Charged Pion Branching Ratio: Part I

Inherent symmetries in nature lead to conservation laws (perhaps someone will make a post about Noether's Theorem). When we think about the stability of a sub-atomic particle we must think in these terms. Take for example the charged pion, in free space at the tree level. The particle* has mass and charge. (Don't forget to boost into the pion's rest frame) There are no lighter charged hadrons therefore the final state must include a charged lepton of less mass (ie an electron or muon). Our situation looks as follows

$\pi^+ \rightarrow l^+ +\mathrm{something\,\,else?}$

Now we invoke conservation of lepton number and conclude that we cannot make the lepton without an associated anti-lepton; charge conservation rules out all particles save neutrinos. So now we have

$\pi^+ \rightarrow l^++ \nu_l +\mathrm{something\,\,else?}$

This situation is the end of the story for the vast majority of pion decays (99,999,999/100,000,000 times in fact). However we can sneak in another particle! The neutral pion is less massive than the charged pion by more than the mass of the electron so we can add a pi-zero to the electron channel (beta decay). We have now arrived at the complete picture.

$\\ \pi^+\rightarrow \mu^+ + \nu_{\mu}\\ \pi^+\rightarrow \mathrm{e^+} + \nu_{\mathrm{e}}\\ \pi^+\rightarrow \pi^0 + \mathrm{e^+} +\nu_{\mathrm{e}}$

The next step is to calculate the different decay rates for the various processes and that is a topic for part II!

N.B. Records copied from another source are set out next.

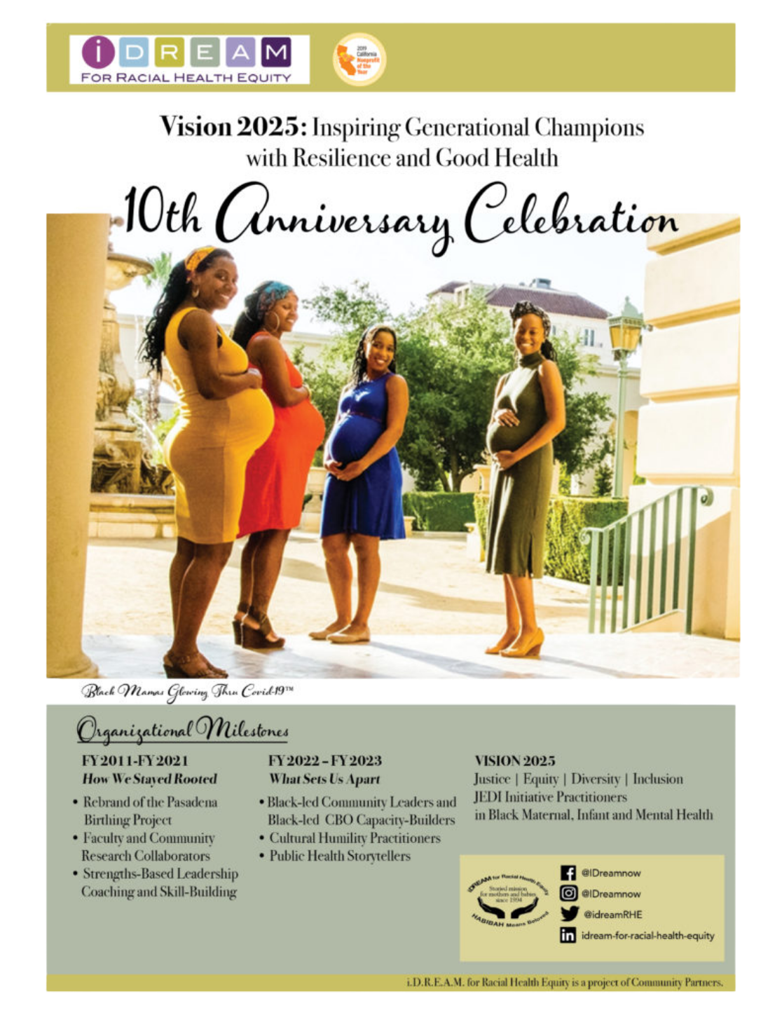 The former State Senator Holly J. Mitchell recognized i.D.R.E.A.M. as the 2019 Nonprofit of the Year in the 30th Senatorial District. Vision 2025 focuses on the urgent call for inter-generational leadership, training, advocacy and community service on behalf of Black birthing families. Recognized as a Black-led community-based organization rooted with a 27-year storied mission, we received multi-year funding (FY22 and FY23) for capacity building and sustaining our legacy during our 10th anniversary.
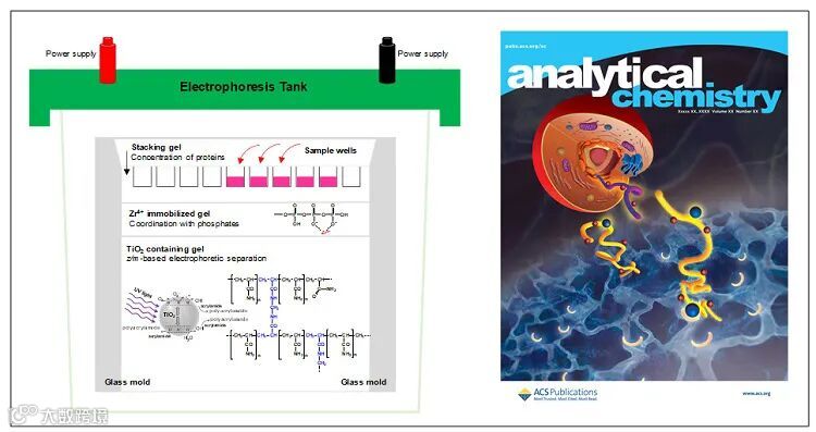 钟鸿英教授研究团队建立了一种用于分离磷酸化蛋白的新型光聚合串联凝胶电泳技术,这种技术在酸性条件下按照电荷-质量比(z/m)进行蛋白质分离。携带正电荷的质子化蛋白首先于低电压下在浓缩胶(stacking gel)被富集,升高电压后进入Zr4+固定化凝胶层(Zr4+ immobilized gel),蛋白质因携带的磷酸基团与Zr4+离子配位而改变泳动速度,最后在ATU凝胶(Triton X-100-acetic acid-urea gel)上进一步按照电荷-质量比进行分离。在酸性条件下,纳米TiO2用于在紫外光照下引发丙烯酰胺聚合反应。
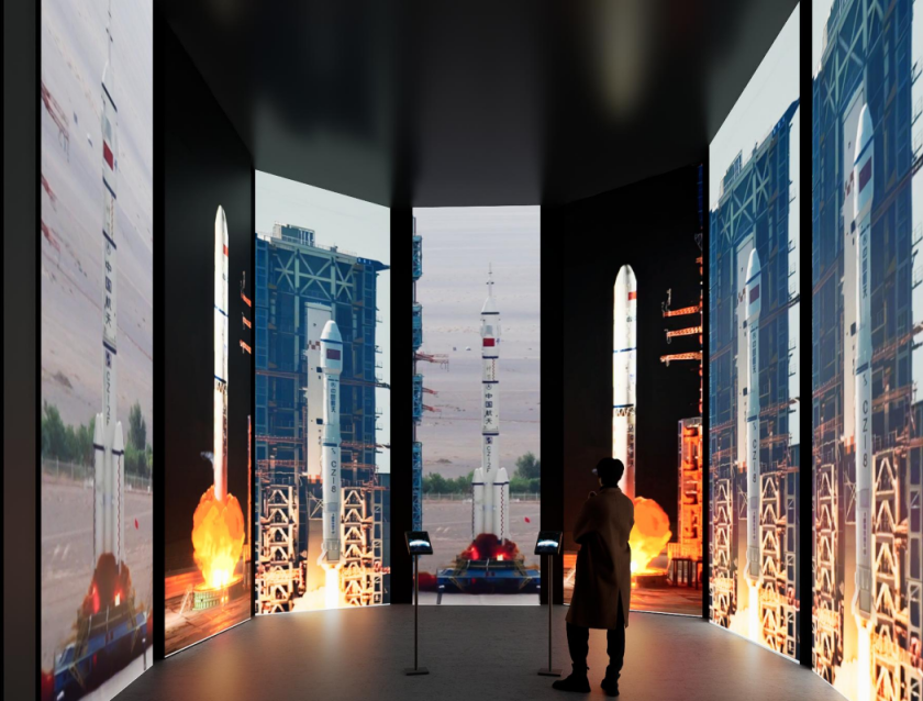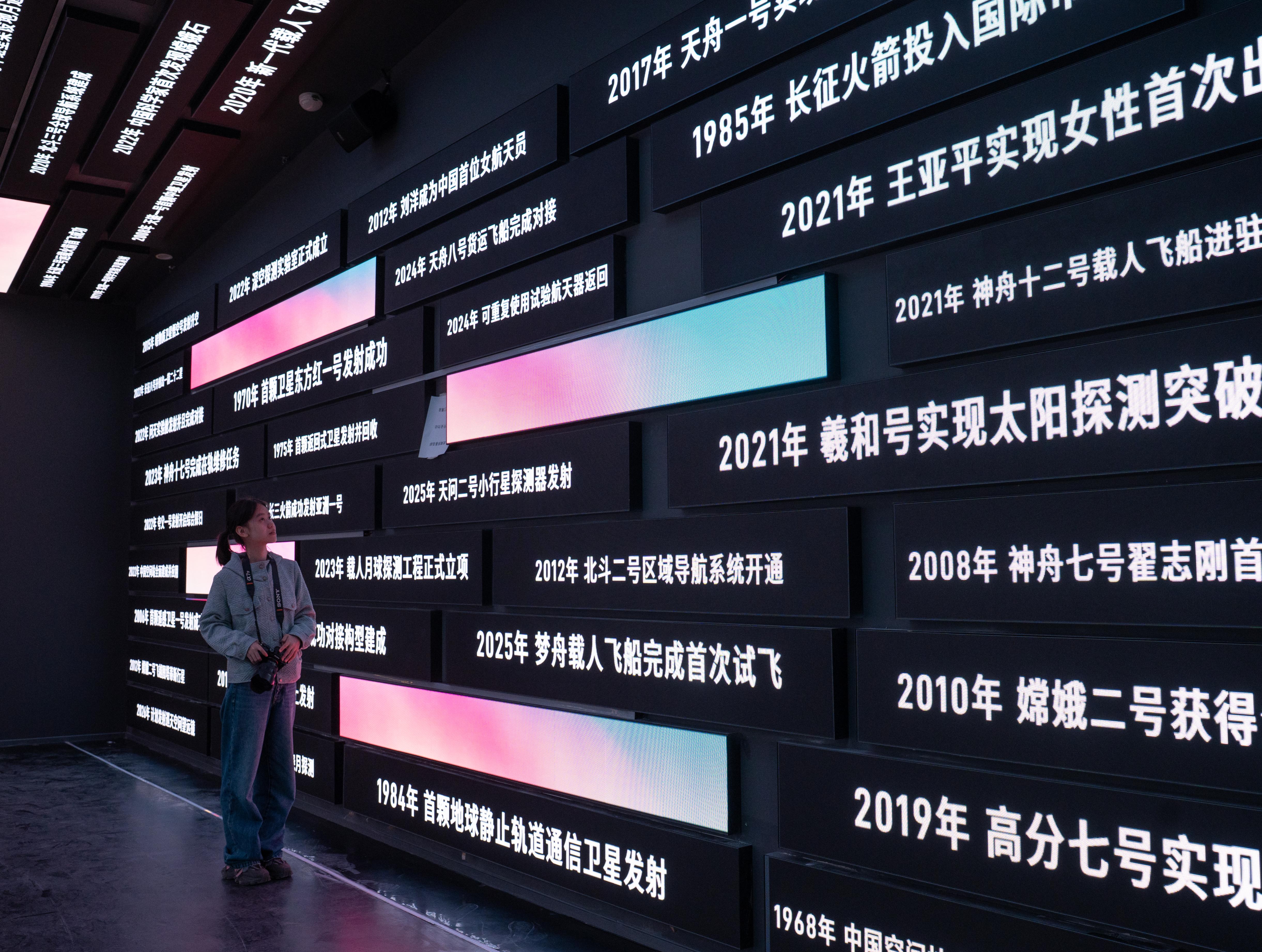 由100个中国航天里程碑事件组成的“时空隧道” 中国(北京)航天科学中心供图
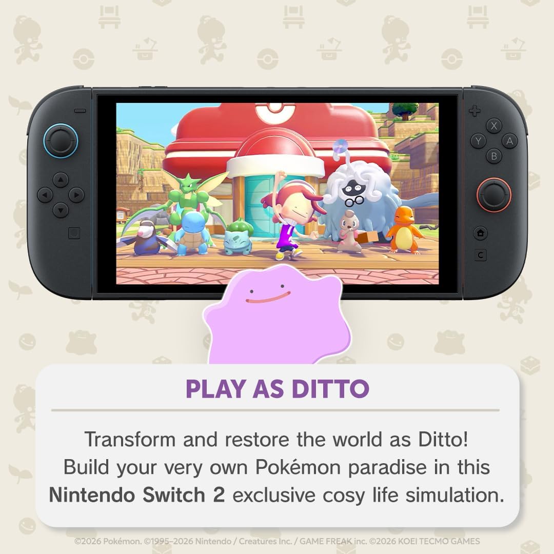 Shape the land and build a cosy new life with Pokémon Play as a Ditto that has taken the appearance of a human! Find and befriend your fellow Pokémon and carve out a life for yourself by learning their moves to shape the land. Use Bulbasaur’s Leafage to make wild grass grow, keep it healthy with Squirtle’s Water Gun, and more. As nature flourishes, more Pokémon will appear for you to meet and learn from! Build homes, farm crops, and more in a world with days, nights, and varied weather Collect rocks and wood to build with, till the fields to grow delicious crops, build homes for the Pokémon you meet...there’s so much to do here! No need to rush, though—go at your own pace and enjoy the journey. With a day and night cycle, varying weather, and other surprises, just taking a nap in your bed and letting time pass can be pretty relaxing. As you make progress, you’ll eventually be able to build a nice big home of your own—and then invite Pokémon and even other players* to visit and hang out with you! * Nintendo Switch Online membership (sold separately) and Nintendo Account required for online features. Internet access required for online features.
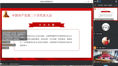 刘香妤就《学习贯彻中国共产党第二十次全国代表大会报告》进行了学习分享,从党的二十大的议程和主题、党的二十大报告重点、党的二十大金句三个方面进行了讲解。刘香妤结合视频等形式对二十大报告进行了详细讲解,同时,指出各支部应利用好学习强国、共产党员网等平台,组织支部党员系统学习习近平新时代中国特色社会主义思想,深入学习党的创新理论和方针政策,不断提高政治理论水平和实践能力,提升支部党员党性修养,增强责任感和使命感。

* I'm playing fast and loose with what is a particle and what is an anti-particle, deal with it.

Tuesday, July 13, 2010

Mandelstam Variables

Two particle into two particle scattering is a common topic in the field of particle physics and is studied so often that special notation has been developed to facilitate discussion of such processes. The convention uses the "so-called" Mandelstam variables (s,t,u) where (p_i) represents the momentum of the four particles ( $AB\rightarrow CD$ ):

$s = (p_A+p_B)^2$

$t = (p_A-p_C)^2$

$u = (p_A-p_D)^2$

These variables completely describe the momentum space of the problem in a Lorentz invariant way. One of the useful properties of this choice of variables is the fact that:

$s+t+u=m^2_A+m^2_B+m^2_C+m^2_D$

Furthermore we can elucidate these conditions by drawing the corresponding Feynman diagrams for each process.

s-channel

t-channel

u-channel

Wednesday, July 7, 2010

Gnuplot Fitting

If you aren't using gnuplot, you should check it out. For those that do, I just figured out a fun tidbit on how to print fit errors that I couldn't find on the Intarwebs for the life of me.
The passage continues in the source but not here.